Tuesday, February 19, 2008

Post Katrina Update

This week’s news: Toxic levels of formaldehyde gas are affecting the health of FEMA trailer occupants, some at levels 40 times higher than normal exposures.

114,000 people remain in FEMA trailers along the Gulf Coast after nearly two and a half years since Hurricane Katrina came ashore.

Obviously the scope of need is yet beyond the imagination of many who might offer some elements of correction to these problems.

Resources have been expended at a significant level, but apparently large amounts of money have been diverted away from productive relief.

Baptists helped to rebuild more than 700 homes in the area and are to be commended for the outpouring of effort to make these improvements possible. At the same time, there is the simple human reality, that some folks are hard to help, some have not yet found their way to resources sufficient to meet their needs, and some people cannot and do not have the capacity to make those changes themselves without help.

The “safety net” for thousands in our nation has been the pattern of government to “send money” and assuming that will be sufficient to fix the problems. It never is. The realities lie even in the encounters we have had in our own disaster relief efforts. Elderly persons often do not have the physical strength to take care of what has to be done to rehabilitate a home and property after such a loss. Those without close family or friends who can assist simply are neglected, left without, and often in circumstances of great difficulty.

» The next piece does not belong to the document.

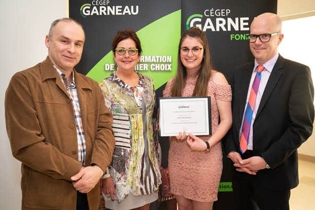 From left to right: Alain Thivierge, Chairman of the Board of Directors of the Cégep Garneau Foundation, Louise Tanguay representing Essilor Canada, Sarah-Maude Mercier D’Amours and Jean-Yves Tremblay, Assistant Director of Studies.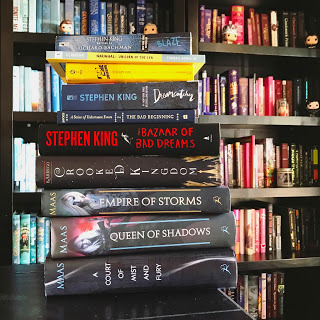 I was a little bit bullied {lovingly} into reading this series by my friends. I had been hesitant because of the whole "there are sex scenes in this series" thing. If you've followed me for any amount of time, you should know that my preference is middle grade or adventure-focused fantasy. But since I have really enjoyed Sarah J. Maas' other series, I figured I might as well, so I could shut them up {lovingly}. And I have to say, I really enjoyed the story. There was a small sex scene in this book, but there's like a whole chapter in the next one, so do be aware of that going into it. That being said, the awkwardness that I felt while reading {okay, listening, because Audible is about the only way I get to finish a book these days} those scenes was far outweighed by the excitement and anticipation and anxiety and concern and a bunch of other emotions that the rest of the story elicited in me. This first one is a pretty clear and clever re-telling of Beauty and the Beast, with a tad {I'm underplaying that} more darkness to it. While the second goes in its own direction, as there's not a Beauty and the Beast 2 to pull from. {That I know of}. I really like Feyre's journey, and I find certain relationship scenarios to be very well written by Maas {no I'm not talking about the sex scenes. I won't say those were bad but I can't claim they were anything but awkward for me personally so go ask someone who likes that type of detailed scene to give you a better idea about that}. The one thing I have started to notice in all of Maas's books that, at this point, is actually driving me a bit crazy and I can't stop wondering how NO ONE in the editorial team has picked up on it, is her overuse of "barking" to describe things. That is really my only complaint. Just like half as many uses of that would have been great. Maybe the next two books someone will catch it before production...

Similarly, those who have other physical or mental incapacities are often incapable of making the necessary adjustments to a radical change in their world environment. Coping with the loss of family members, their homes, or their livelihoods often leaves them without recourse to the most basic of services and provisions.

Rebuilding infrastructure in places that do not have the support of government, current policy, and planned effort, remains a cloud over the entire prospect of a future existence in those places. Decisions by large corporations, not to supply resources and reinvestment in those areas, leaves them destitute. It is one thing to tell the able bodied to“get out of Dodge” and rebuild your lives elsewhere, but short of the biblical accounts of the Babylonian Exile, there seem few parallels to the aspects of abandoning the poorest, the sickest, the oldest and least able to circumstances beyond their capacity to change…with no eye or aim to do so. America should speak up and take up the task.